Here are my main supporting arguments for the normalcy of preaching as an ongoing activity in believing congregations.

(1) The pastors were paid to preach.  1 Tim 5:17 says "Let the elders who rule well be considered worthy of double honor, especially those who labor in preaching and teaching."  The word "honor" there had connotations of pay.  And even if it doesn't, the primary job of the elders is to "equip the saints" for the work of the ministry (Eph 4:12).  Putting two and two together, pastors are paid to preach to Christians.

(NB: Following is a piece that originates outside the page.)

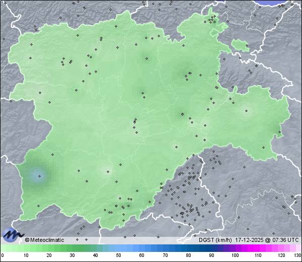 | Actualizado: 05:57 UTC | 7,2°C 92% | 7,5 °C / 93% | | 7,1°C / 91% | | 3 km/h ESE | | 17 km/h | | 1.023 hPa | | 0,2 mm |
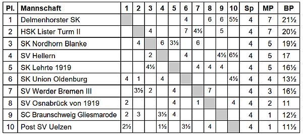 Fazit: ein spannender Sonntag, auch für die Konkurrenz. Der OSV hielt vorne und hinten gut mit, verlor aber an den Bretter 4-7 alle Partien, sodass Delmenhorst mit 7 Punkten und einem Brettpunkt mehr vor dem Lister Turm II die Tabelle anführt. NOH-Blanke landete auswärts einen Kantersieg gegen das keineswegs schlecht besetzte Team von Werder Bremen III.

(2) The church in Rome. Paul was eager to preach the gospel to Christians in Rome.
 - In Romans 1:15, Paul says "So I am eager to preach the gospel to you also who are in Rome." Who is he talking to?  He's talking to Christians.  Christians need the gospel preached to them.
 - In Romans 16:25, Paul says "Now to him who is able to strengthen you according to my gospel and the preaching (κήρυγμα) of Jesus Christ."  Again, the "you" is referring to the church in Rome.  And, as Moo points out, is a further definition of "my gospel" (Moo: "the και is explicative").  So the normal ongoing Christian life is supposed to be strengthened by the preaching of the gospel.

(3) The public readings.  We know that Paul's epistles were read in the house churches.  These are well-thought-out passages that would have taken a while to read.  Also, the entire book of Hebrews is thought, by many scholars, to be a sermon.

Objection: But why doesn't Acts say more about it?  I mean, if you had people preaching at the Lord's-day gathering, then why doesn't Acts say more about it?

Response: First of all, the focus of Acts was on the Lordship of Christ in the advance of the gospel, so you wouldn't expect as much attention to be given to steady-state ministry and what it looked like.  But second of all, preaching in synagogue services was normal, so this wouldn't have been news to Luke's audience.  The similarities between churches and synagogues were so similar that Jesus actually labels one of the heretical churches a "synagogue" (Rev. 3: 9).  The idea being "you all look like a church, but your teaching lacks the authentic gospel.  You're not a church, you're just a place where the teaching of Satan can be propagated - a synagogue of satan."  So it is not unusual that Luke doesn't spend more time on the subject as (1) steady-state ministry wasn't his focus, and (2) it was nothing new.